V.5.4. Insertion de clous en cuivre dans le tronc des ceps

Afin de limiter le développement des nécroses dans le bois de ceps infectés, une méthode, basée sur l’’insertion de clous en cuivre au niveau du tronc a été testée dans des vignobles de la région de Galice (Espagne) [286]. Les décolorations autour de la zone d’insertion, observées par les viticulteurs suggèrent une diffusion lente et constante de cuivre dans la plante. Les propriétés antifongiques et bactéricides du cuivre permettraient de limiter la formation d’amadou au niveau des zones d’insertion mais l’efficacité de cette méthode n’a pas encore été validée par la communauté scientifique. En complément, des expérimentations seront nécessaires pour identifier: le nombre de clous requis ; leurs positions optimales sur le cep ; ainsi que les risques potentiels de toxicité pour le plant traité et son environnement.

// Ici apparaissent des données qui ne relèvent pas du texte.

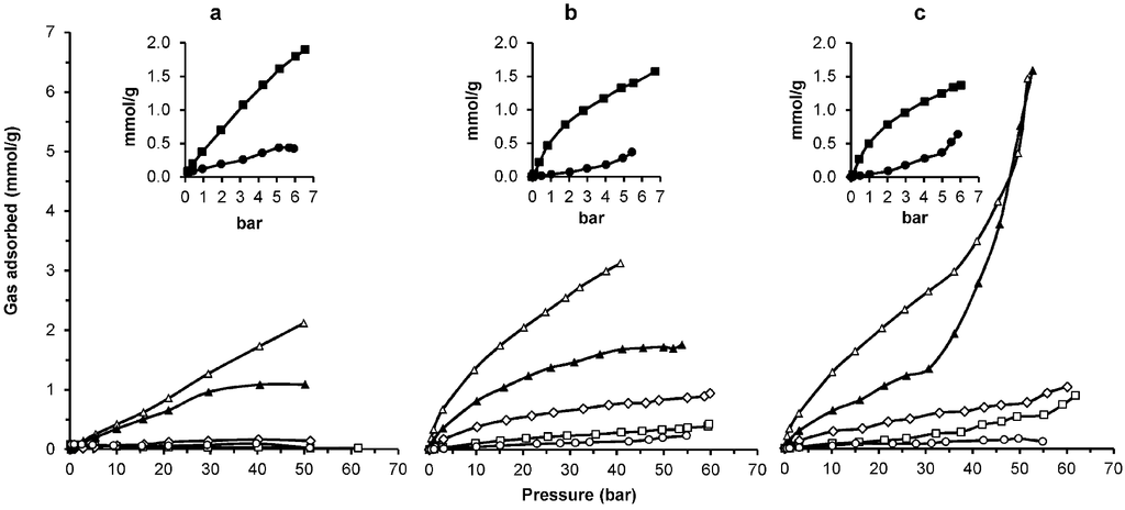- Yaghi, O.M.; Rosi, N.L.; Eckert, J.; Eddaoudi, M.; Vodak, D.T.; Kim, J.; O’Keeffe, M. Hydrogen storage in microporous metal-organic frameworks. Science 2003, 300, 1127–1129. [Google Scholar]
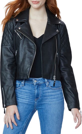 Crafted from smooth lambskin leather, this moto jacket with zippered cuffs gets its laid-back vibe from the diamond quilt pattern at the hem and shoulders.
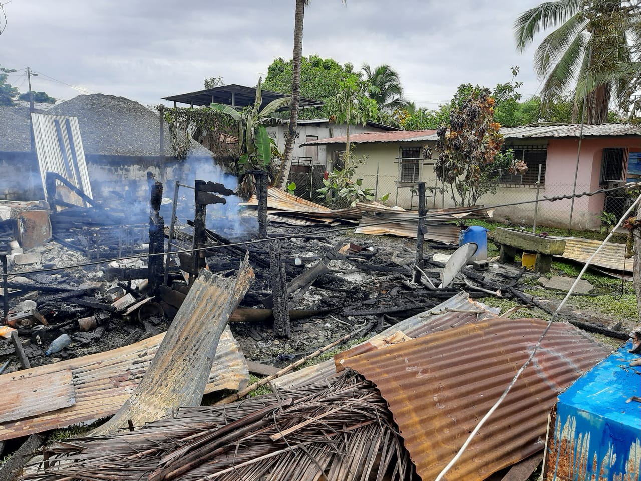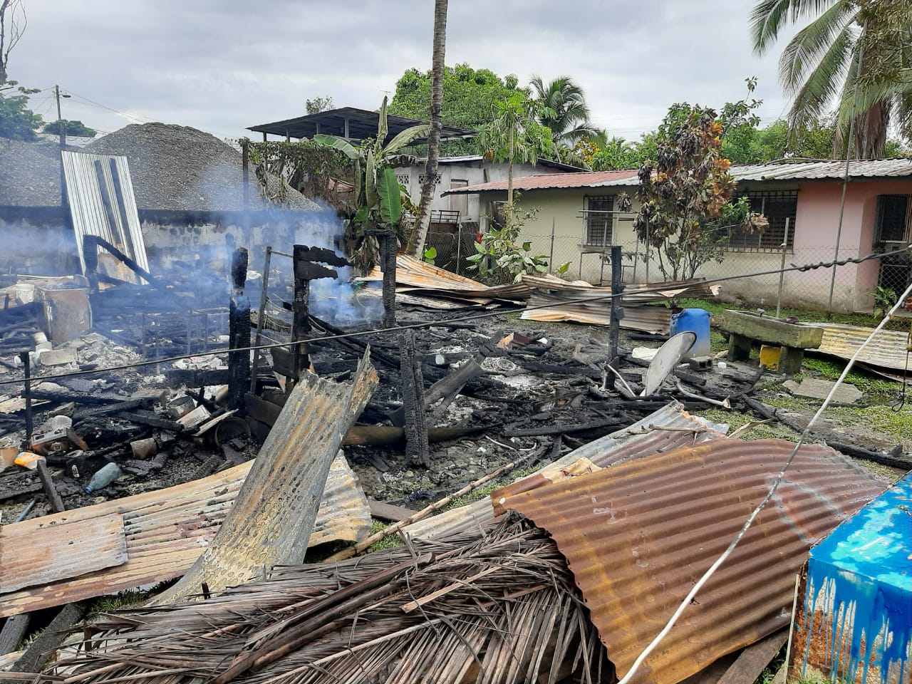 Panamá, 26 de junio de 2020. Personal de contingencia del Ministerio de Vivienda y Ordenamiento Territorial (Miviot) de Bocas del Toro realizó una evaluación social a una familia que lo perdió todo a causa de un incendio que consumió totalmente su casa en la Barriada Aeropuerto, en el corregimiento de Barriada Guaymí, distrito de Almirante.
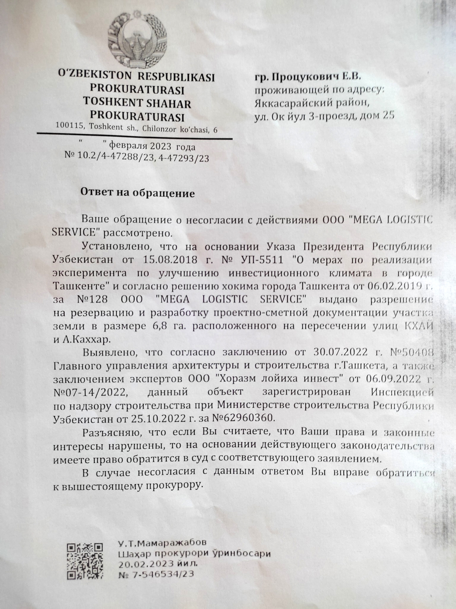 Суть обращения везде одна и та же. Прикрываясь решением хокима (главы администрации – ред.) г. Ташкента №128 от 06.02.2019 г. компания OOO «MEGA LOGISTICS SERVICE» приводит мою собственность в аварийное состояние.
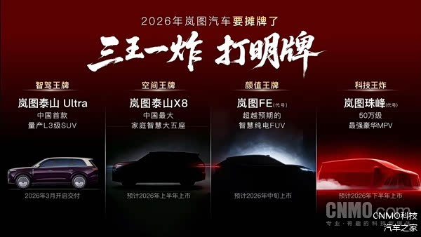 面向未来,岚图汽车已规划了密集的产品攻势。公司计划在2026年推出四款全新车型,包括将于3月率先交付的首款量产L3级SUV岚图泰山Ultra、定位大五座的岚图泰山X8、智慧纯电FUV岚图FE(代号),以及定位于50万元级豪华市场的MPV岚图珠峰(代号)。值得注意的是,这四款新车均将搭载L3级智能驾驶硬件。随着新产品矩阵的完善,岚图品牌在高端新能源市场的覆盖广度与竞争力将得到进一步强化。
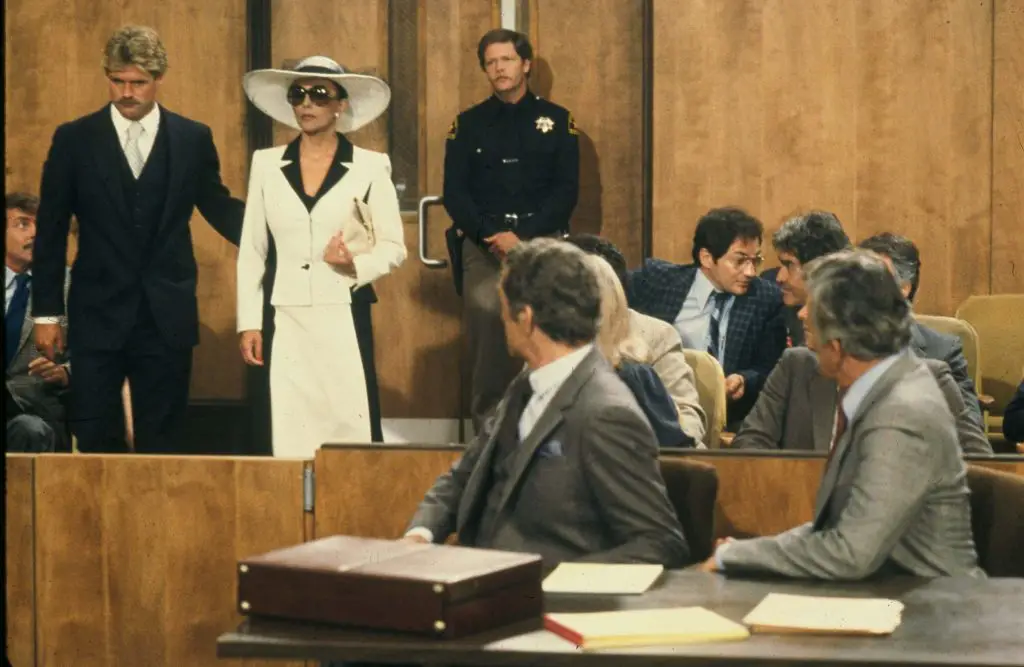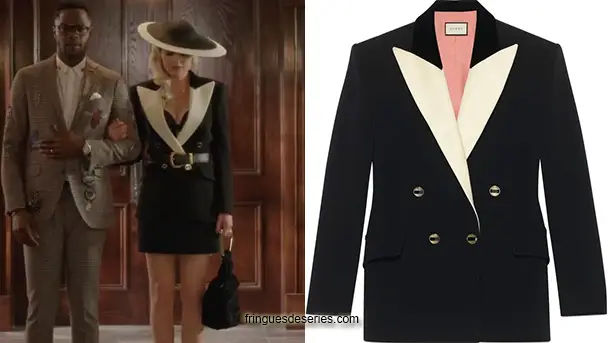 Alexis Carrington (Eliane Hendrix) débarque comme témoin au procès de Blake dans un magnifique manteau npir et blanc signé Gucci que l’on trouve ici ou ici.
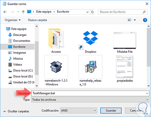 4. Deshabilitar o habilitar Administrador de tareas Windows 10, 7 regedit desde archivo bat
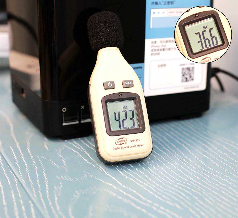 家用NAS的噪音还是相当重要的一个指标,毕竟不绝于耳的“咔咔咔”声,会让人抓狂,入夜时分的郊区,相当安静,环境噪音才36dBA左右,此时搬出噪音计,贴着NAS靠放,待机时还是比较安静的,偶尔也会听到一两声磁盘转动的声音,不过声音比较小,不是隔太近,基本可以忽略,待机时的噪音大概在40dBA左右。

V.5.5. Endothérapie végétale

Une méthode innovante d’endothérapie, potentiellement curative, est actuellement en cours de développement, et fait partie d’un brevet international pour l’utilisation du sous-salicylate de bismuth et ses dérivés comme agents phytopharmaceutiques [339]. Ce composé, utilisé à la base dans la médecine humaine, est capable d’inhiber de manière significative la croissance de différents agents pathogènes dont N. parvum mais permet également de limiter significativement la formation et l’expansion des nécroses dans des échantillons de bois artificiellement inoculés par N. parvum.

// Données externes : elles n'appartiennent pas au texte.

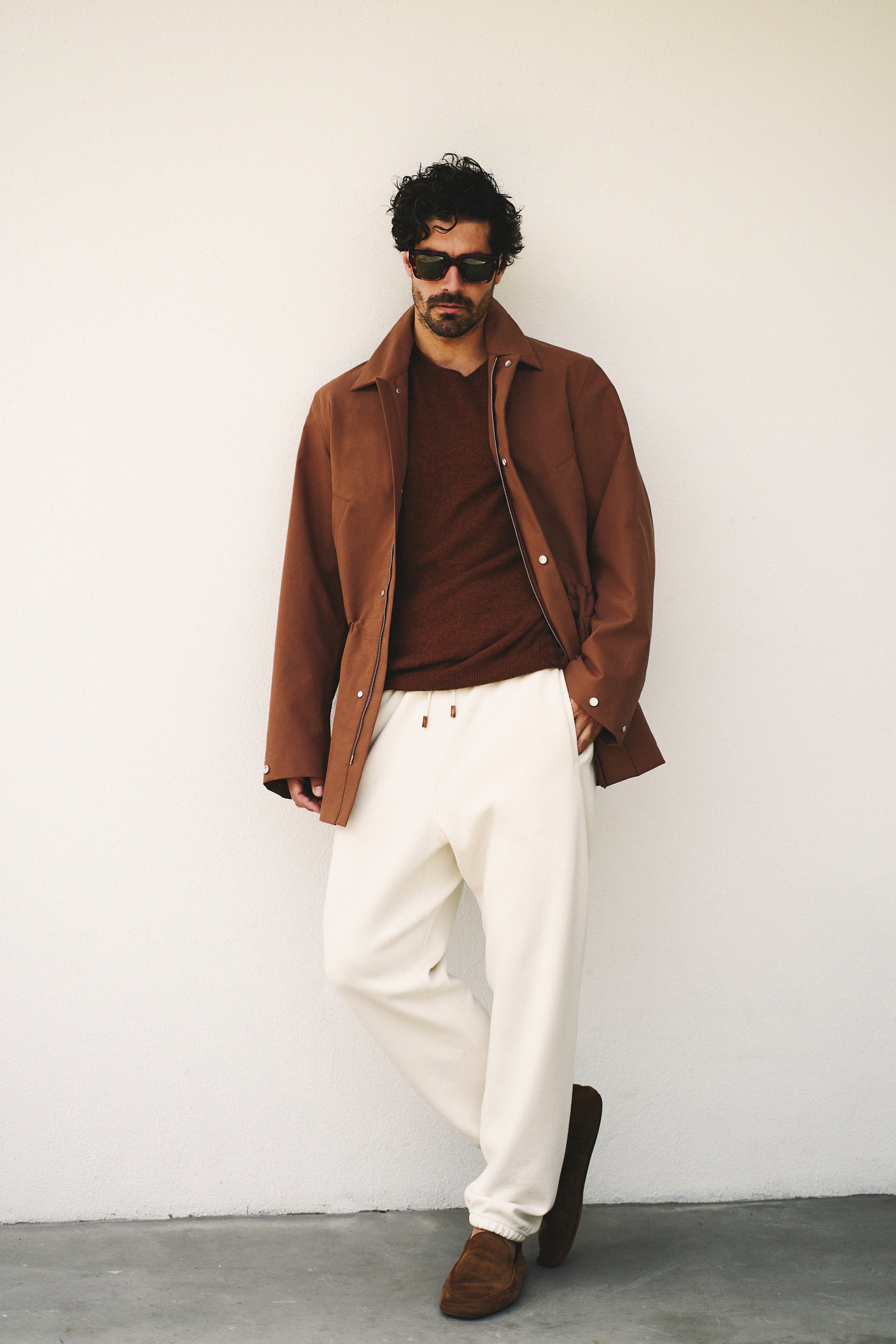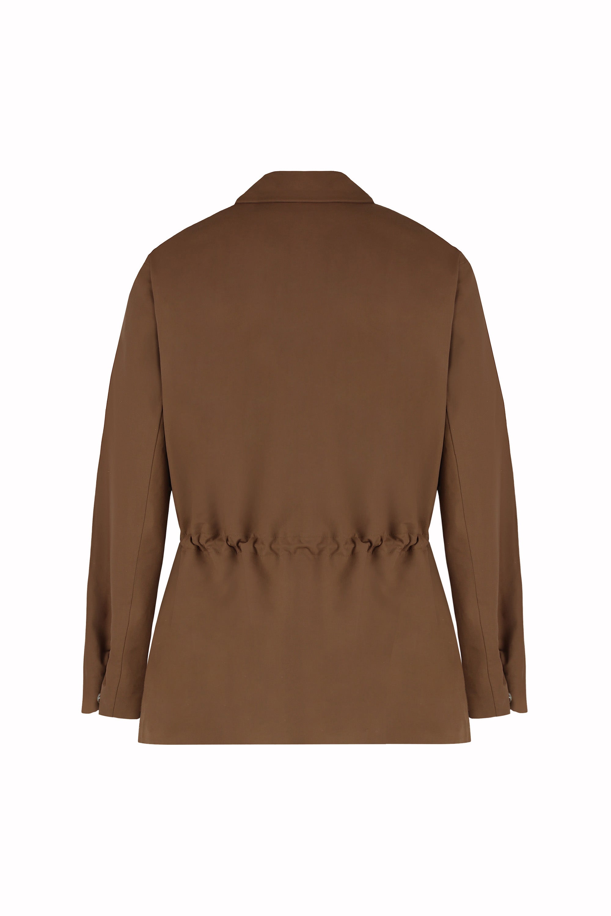 Inspired by the iconic safari silhouette, this Country Jacket is crafted from a crisp blend of cotton and linen with a unique texture that recalls sleek technical fabrics. From the heat-sealed seams and the concealed front fastening to the adjustable waist and classic utility details – every element balances practical comfort with timeless style. A key clip inside the left pocket adds functional refinement.

L’endothérapie végétale, autorisée en France depuis 2014, est régulièrement utilisée en culture fruitière dans la lutte contre les agents pathogènes du pommier et de l’avocatier [340,341] mais aussi en zones urbaines [342] car elle présente de nombreux avantages sur le plan environnemental. En effet, par comparaison à une pulvérisation classique, cette technique permet une réduction des doses de traitement et limite la dérive des produits dans le sol, l’air et l’eau, réduisant ainsi l’impact sur les organismes non ciblés [343].

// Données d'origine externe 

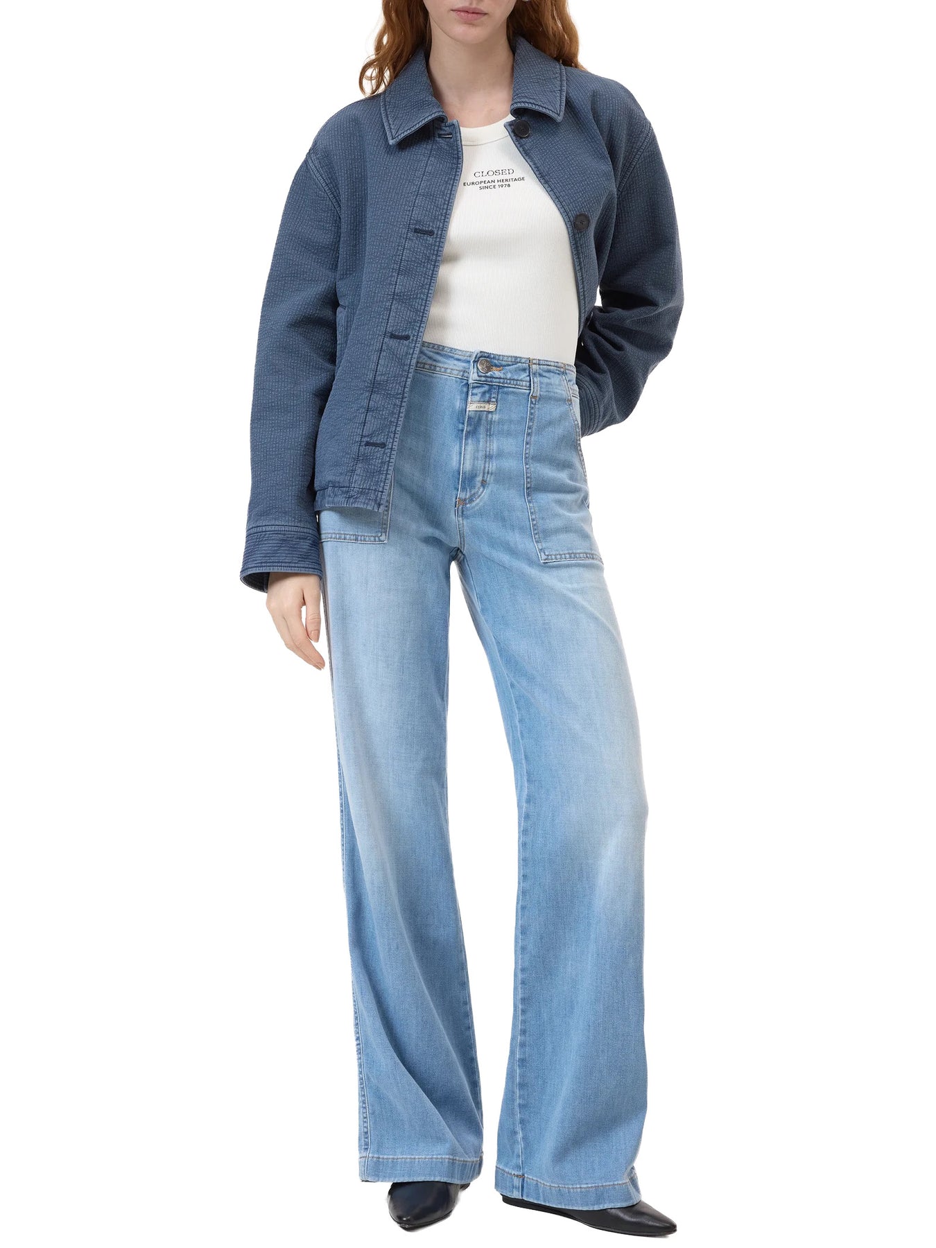 Aria Jeans are made from high-quality Candiani stretch denim crafted from regenerative cotton. Made in Italy, they are distinguished by exceptional wearing comfort. The jeans feature a high-rise waist, a flared leg, and front patch pockets.
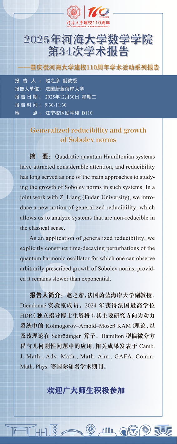黑料不打烊 第34次学术报告:Generalized reducibility and growth of Sobolev norms
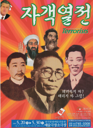 조선은 명나라에 꼼짝을 못했다. 심지어는 명나라가 망하자 그를 이어받은 나라라 하여 소중화(小中華)를 자처했고, 200년이 넘도록 청나라 모르게 신종황제(임진왜란 때 조선 파병을 결정한 명의 황제)를 제사지냈다. 맥아더 동상을 철거하자니까 친미보수주의자들이 길길이 반대했다. 의리를 지키자면 명나라의 이여송 장군, 당나라의 소정방 장군의 동상도 세워야 한다. 한갓 연극쟁이 주제에 왜 이런 정치적인 언사를, 그것도 순진하게 내놓느냐고? 내 얘기가 현실적이지 못하다는 것은 나도 안다. 그렇지만 연극이, 예술이 현실을 얘기하는가? 종교인들이 모여 북한 정권 타도와 조지부시 만세를 외친다. 종교적 신념일 것이다. 철학자들이 모여 전시작전통제권 환수 반대를 선언한다. 현실에 대한 철학적 고뇌가 컸을 것이다. 예술가가 현실을 말하면 철학자보다 덜 역겨울까? 예술가는 진실을 얘기해야 한다. 객관적 진실로서 얘기할 때 백범 김구 선생은 테러리스트이다. 일본에게는 당연히 그러했고, 우리 민족에게 동정심이 없었던 나라 사람들에게 그는 테러리스트였다. 심지어 해방후 미군정 책임자였던 하지 중장도 그를 테러리스트의 두목으로 치부했다. 그래서 우리는 마음이 불편해진다. 우리 민족의 스승, 큰 어른이신 백범 선생께서 테러리스트라니. 애국주의라는 현실적 정서에서 보니 백범이 테러리스트라는 진실이 불편하고, 세계 최강 미국이라는 존재를 어찌할 수 없는 현실에서 보자니 이라크 전쟁도 북 핵도 다 미국이 문제의 본원이라는 진실이 불편해진다. 그래서 테러리스트와 테러의 본질에 대해서 궁구해보게 된 것이다. 테러 그 자체보다 테러의 이유에 대해서 생각해보니 거기에 어떤 보편적 사실이 찾아지게 된다. 테러의 이유(의리, 충절, 약속, 종교적 신념, 극심한 경제적 격차, 강성한 힘의 압박, 인종주의적 압살 등등)가 전 지구적으로 공통되게 나타나고, 역사적으로 반복된다는 것이다. 전 지구적으로 그러하고 먼 옛날부터 지금까지(아니, 어쩌면 미래까지)그러하다는 것, 이것이<자객열전Terrorists>주제의 공시성(Diachrony)과 통시성(Synchrony)이 극적 구조로서 구체화된 연유이고, 이 연극이 열전(列傳, series) 형식을 갖게 된 이유이다. 이 극을 보고, 또 이 글을 읽고 마음이 불편한 분이 있다면 내 언사의 논리에 문제가 있어서일 것이라고 믿고 싶다. 연극을 만드는 내 기술에 문제가 있어서일 것이다. 연극과 예술이 진리를 말해야 한다는 명제에 누가 부정할 것인가. 때로는 망각이, 때로는 강고한 현실이 문제일 것이다.

Sur la vigne l’endothérapie consiste à percer un trou verticalement dans le tronc des ceps infectés afin d’atteindre et de traiter directement l’amadou en y injectant des molécules fongicides tel que le salicylate de bismuth [344]. Cette méthode, comparable à un « curetage chimique » permettrait de cibler les zones de prolifération des champignons pathogènes responsables de la formation de nécroses tels que Fm. Des premiers tests en vignobles, réalisés en 2018 ont montré une tendance assez prometteuse puisque les conditions d’expérimentation ont conduit à une réduction de l’expression des symptômes foliaires pouvant aller jusqu’à 50% sur certains cépages et pieds traités en comparaison avec des témoins. Ces tests seront renouvelés et suivis sur le long terme afin de confirmer ces résultats préliminaires [343].